• [Work item]: Your answer should consist only of the lines below from the one with "图1: 柔性电子毛发尖端聚焦射频穿孔生物组织的技术示意图" through the one with "专业特色,融合互联网发展进程", copied exactly.

• [Dataset records]:
-=-=-=-=-

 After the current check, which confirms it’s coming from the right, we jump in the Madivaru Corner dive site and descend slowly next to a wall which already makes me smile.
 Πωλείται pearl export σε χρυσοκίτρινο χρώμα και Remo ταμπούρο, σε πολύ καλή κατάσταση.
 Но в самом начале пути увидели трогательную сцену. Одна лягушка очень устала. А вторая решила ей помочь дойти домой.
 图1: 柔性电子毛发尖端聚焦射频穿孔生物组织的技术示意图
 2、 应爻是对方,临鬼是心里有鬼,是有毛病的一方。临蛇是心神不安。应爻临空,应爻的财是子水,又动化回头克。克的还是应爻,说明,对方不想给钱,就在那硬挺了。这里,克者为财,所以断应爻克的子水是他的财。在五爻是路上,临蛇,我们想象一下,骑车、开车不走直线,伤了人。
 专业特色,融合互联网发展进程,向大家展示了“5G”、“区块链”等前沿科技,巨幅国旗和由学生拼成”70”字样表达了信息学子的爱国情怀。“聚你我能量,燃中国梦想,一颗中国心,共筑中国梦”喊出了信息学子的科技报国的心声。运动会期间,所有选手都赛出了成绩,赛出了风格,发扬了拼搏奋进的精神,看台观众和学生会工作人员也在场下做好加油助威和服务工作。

-=-=-=-=-

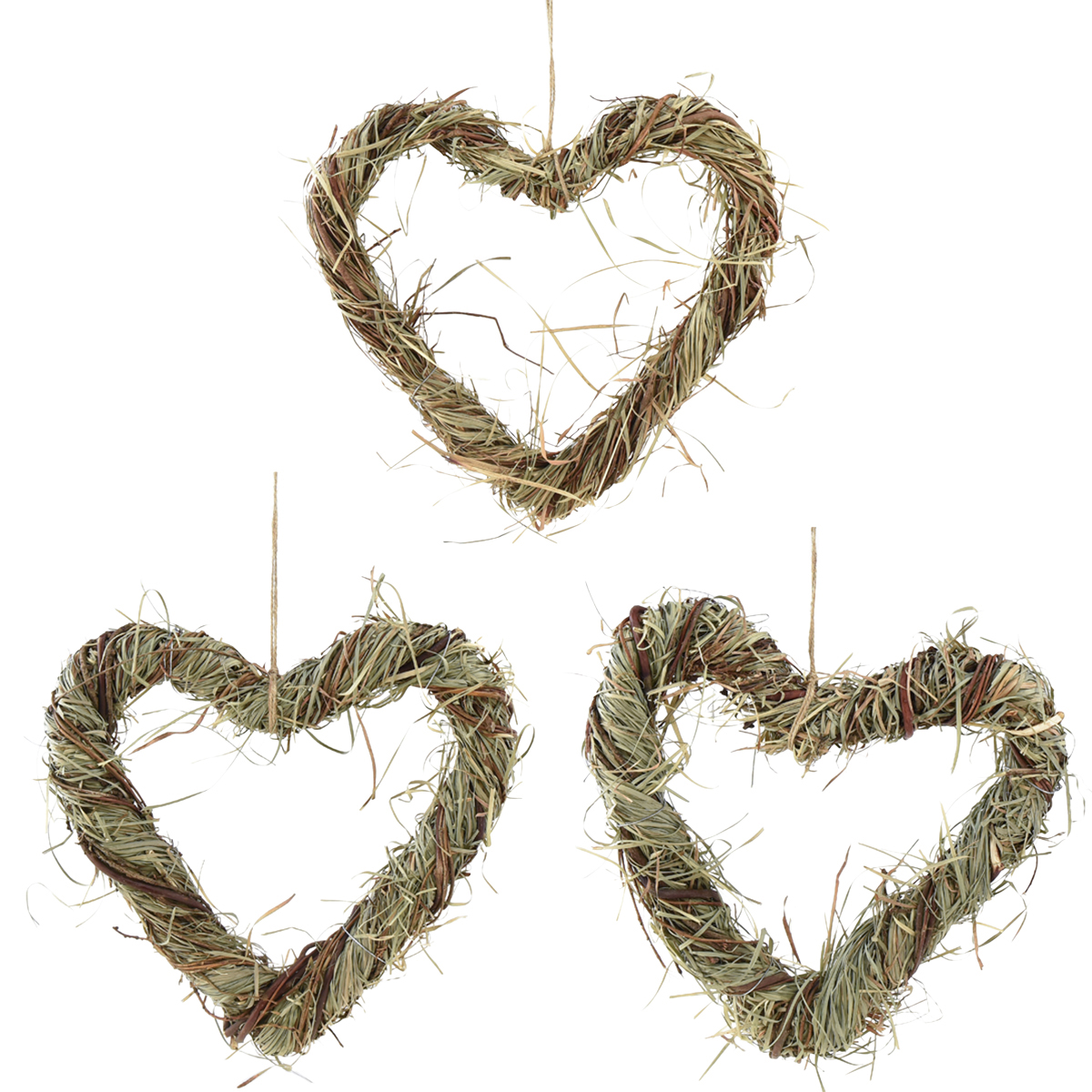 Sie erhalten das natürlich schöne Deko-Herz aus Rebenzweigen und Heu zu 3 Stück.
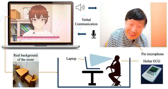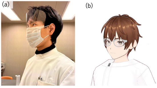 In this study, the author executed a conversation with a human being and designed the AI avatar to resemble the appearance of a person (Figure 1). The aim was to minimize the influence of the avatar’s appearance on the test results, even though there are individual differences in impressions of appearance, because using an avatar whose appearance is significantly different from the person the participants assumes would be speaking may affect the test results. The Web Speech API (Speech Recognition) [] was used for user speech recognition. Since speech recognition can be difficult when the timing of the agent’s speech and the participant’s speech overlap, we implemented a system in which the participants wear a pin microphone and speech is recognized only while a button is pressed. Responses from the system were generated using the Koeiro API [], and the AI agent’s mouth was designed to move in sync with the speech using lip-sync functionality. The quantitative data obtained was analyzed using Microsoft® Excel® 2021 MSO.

-=-=-=-=-

• [Result of the exercise]:
 图1: 柔性电子毛发尖端聚焦射频穿孔生物组织的技术示意图
 2、 应爻是对方,临鬼是心里有鬼,是有毛病的一方。临蛇是心神不安。应爻临空,应爻的财是子水,又动化回头克。克的还是应爻,说明,对方不想给钱,就在那硬挺了。这里,克者为财,所以断应爻克的子水是他的财。在五爻是路上,临蛇,我们想象一下,骑车、开车不走直线,伤了人。
 专业特色,融合互联网发展进程,向大家展示了“5G”、“区块链”等前沿科技,巨幅国旗和由学生拼成”70”字样表达了信息学子的爱国情怀。“聚你我能量,燃中国梦想,一颗中国心,共筑中国梦”喊出了信息学子的科技报国的心声。运动会期间,所有选手都赛出了成绩,赛出了风格,发扬了拼搏奋进的精神,看台观众和学生会工作人员也在场下做好加油助威和服务工作。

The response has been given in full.